INFORMATION PROVIDED Start Marker

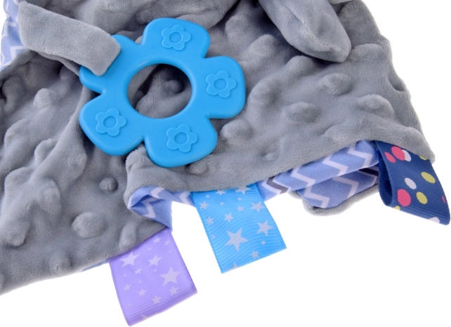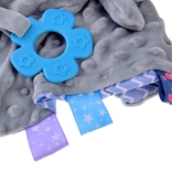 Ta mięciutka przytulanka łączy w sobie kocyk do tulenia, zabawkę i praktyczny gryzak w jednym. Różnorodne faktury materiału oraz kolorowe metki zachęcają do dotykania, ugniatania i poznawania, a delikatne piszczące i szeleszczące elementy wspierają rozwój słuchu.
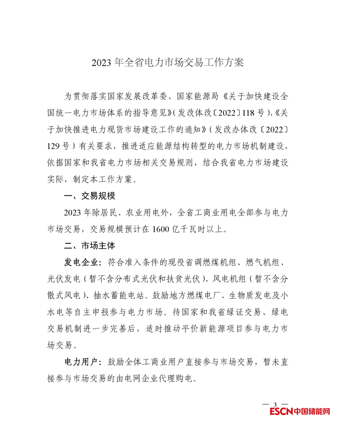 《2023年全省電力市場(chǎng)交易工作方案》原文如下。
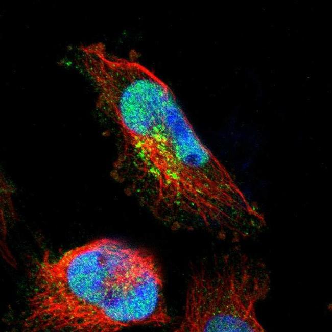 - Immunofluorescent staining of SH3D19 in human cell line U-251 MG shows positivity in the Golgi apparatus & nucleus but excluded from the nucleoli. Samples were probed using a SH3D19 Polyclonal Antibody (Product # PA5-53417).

INFORMATION PROVIDED End Marker

--- PROBLEM STATEMENT ---
Please retype the whole listing above word for word and drop the pictures.

--- RESPONSE TO THE EXERCISE ---
 Ta mięciutka przytulanka łączy w sobie kocyk do tulenia, zabawkę i praktyczny gryzak w jednym. Różnorodne faktury materiału oraz kolorowe metki zachęcają do dotykania, ugniatania i poznawania, a delikatne piszczące i szeleszczące elementy wspierają rozwój słuchu.
 《2023年全省電力市場(chǎng)交易工作方案》原文如下。
 - Immunofluorescent staining of SH3D19 in human cell line U-251 MG shows positivity in the Golgi apparatus & nucleus but excluded from the nucleoli. Samples were probed using a SH3D19 Polyclonal Antibody (Product # PA5-53417).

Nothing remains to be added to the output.